Standard nie potrzebował wiele czasu, aby się otrząsnąć. Krótko potem bramkarz rywala zbił piłkę na poprzeczkę, dopiero w kolejnych minutach mecz się uspokoił. W drugiej połowie było trochę ciekawiej – poprzeczka Oostende, pudło Standardu na niemal pustą bramkę. W końcówce gospodarze strzelili po rzucie rożnym, trochę szczęśliwie, bo piłka przetoczyła się między nogami bramkarza, a ten nie zdążył jej wygarnąć zza linii bramkowej. Standard musiał się mocno namęczyć, aby osiągnąć to skromne zwycięstwo.
W pucharach nie było już tak dobrze. Rangers jak to Rangers, sprawiali wrażenie, że są w zasięgu, ale tak naprawdę nie pozwolili Standardowi na wiele, podobnie jak Lechowi. Druga połowa toczyła się w trudnych warunkach atmosferycznych, Standard zmarnował w końcówce sytuację, a potem dostał gola na 0:2 z połowy boiska. W Lizbonie z kolei niemal wyłącznie się bronił, tu zaskakujący mógł być wynik do przerwy (0:0), a potem Benfica do przełamania potrzebowała rzutów karnych. Trzeba powiedzieć, że Standard potrafił bronić dość solidnie, a wracając do meczu z Ostendą, nie zmieniła tego nawet kontuzja Vanheusdena.
Między meczami z Lechem:
8 listopada, 13:30 Antwerp – Standard
21 listopada, 16:15 Standard – Eupen
Nie ma tego dużo, bo rewanż Lecha w Belgii nastąpi wkrótce po przerwie na kadrę. Wyjazd do Antwerpii do łatwych nie należy, ale już po powrocie do gry Standard będzie miał trochę łatwiej na papierze.
Miasto i stadion
Lech ostatnio trafiał do miast postindustrialnych w Belgii. Tym razem nie będzie inaczej. Liège, podobnie jak Charleroi, mieści się w Walonii, w przeszłości funkcjonowały tam huty żelaza i stali. Obecnie przemysł stracił tam na znaczeniu, ale wciąż ma swój wkład w gospodarce miasta.

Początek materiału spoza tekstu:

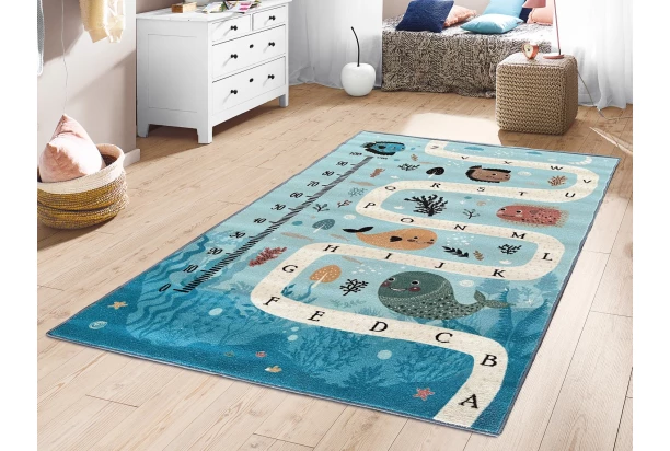 Detský modrý koberec o rozmere 80×150 cm s motívom morského sveta je nielen krásny, ale aj vzdelávací. Vaše dieťa sa môže hravou formou naučiť abecedu aj čísla. Veselé rybičky so všetkým radi pomôžu.
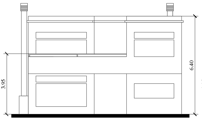 The front side elevation view of the 12x10m house building CAD drawing is given in this file. This is G+ 1 house building. The length and breadth of the house plan are 12m and 10m respectively. On this ground floor, the living room, kitchen, galleria, and cochera are available. The living room, master bedroom with the attached toilet, kid’s room, guest room, and common bathrooms are available on this first floor. For more details download the AutoCAD drawing file from our website.

Jeżeli ktoś miałby już dość wyłącznie oglądania kopalń i hut, to do zwiedzenia byłyby m.in. centrum miasta, pałac biskupi na pl. św. Lamberta, archeologiczne Muzeum Curtiusa czy futurystyczna stacja kolejowa Liège-Guillemins.
fot. commons.wikimedia.org
Stade Maurice Dufranse (od jednego z prezydentów klubu) lub Stade de Sclessin (od nazwy dzielnicy miasta) to dom Standardu oraz jedna z aren Euro 2000. Z jednej strony znajduje się nad rzeką Mozą, z drugiej – nieopodal fabryki ArcelorMittal.

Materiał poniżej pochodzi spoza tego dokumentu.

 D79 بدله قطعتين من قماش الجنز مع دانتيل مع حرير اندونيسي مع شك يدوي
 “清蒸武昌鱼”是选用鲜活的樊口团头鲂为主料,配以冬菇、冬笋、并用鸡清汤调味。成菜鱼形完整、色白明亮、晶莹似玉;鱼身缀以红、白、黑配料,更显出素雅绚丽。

Jest to trzeci co do pojemności stadion w Belgii z liczbą 27 760 miejsc. Obiekt jest znany z żywiołowej atmosfery, którą tworzą kibice Standardu. Z jednej strony szkoda, bo Lechowi po kibicach m.in. Hammarby i Rangers odpada starcie z kolejną głośną grupą kibiców. Z drugiej, ten brak atmosfery z pewnością Standardowi nie pomoże.
fot. commons.wikimedia.org, pikrepo.com
Mecze piłkarskie w Belgii jeszcze niedawno toczyły się z udziałem publiczności, ale od 23 października znów odbywają się przy pustych trybunach. Od czasu meczów z Charleroi niestety statystyki epidemiczne w Belgii pogorszyły się, podobnie jak w innych krajach. Łączna liczba przypadków obecności wirusa SARS-CoV-2 wynosi obecnie 447 355. Liczba zgonów sięgnęła liczby 11 858. Prowincja Liège niestety nie wygląda najlepiej w skali kraju, jeśli chodzi o przypadki na 100 tys. mieszkańców w ostatnich 14 dniach. Właściwie pod tym względem jest najgorsza w całym kraju (3422).
Od 2 listopada w Belgii funkcjonują poważniejsze obostrzenia – w praktyce lockdown. Zabronione jest m.in. zapraszanie do domu więcej niż jednej osoby, zgromadzenia dopuszczalne są maksymalnie do czterech osób, w tym w kościołach (otwarte, ale bez sprawowania obrządku religijnego), zamknięte są restauracje, część sklepów czy usługi takie jak fryzjerstwo. Szkoły prowadzą lekcje w systemie zdalnym.
Zespół
W tym sezonie w Standardzie wciąż przewijają się problemy z COVID-19. Już kilku zawodników pauzowało z powodu pozytywnych wyników testów na SARS-CoV-2, niektórzy wrócili, aktualnie brakuje sześciu – są to Collins Fai, Konstantinos Laifis, Damjan Pavlović, Eden Shamir, Moussa Sissako i Abdoul Tapsoba. Przetrzebiona została zwłaszcza defensywa – zabraknie podstawowego prawego obrońcy (Faia) oraz dwóch stoperów (Laifis zastąpił ostatnio kontuzjowanego Vanheusdena; żaden z nich nie zagra).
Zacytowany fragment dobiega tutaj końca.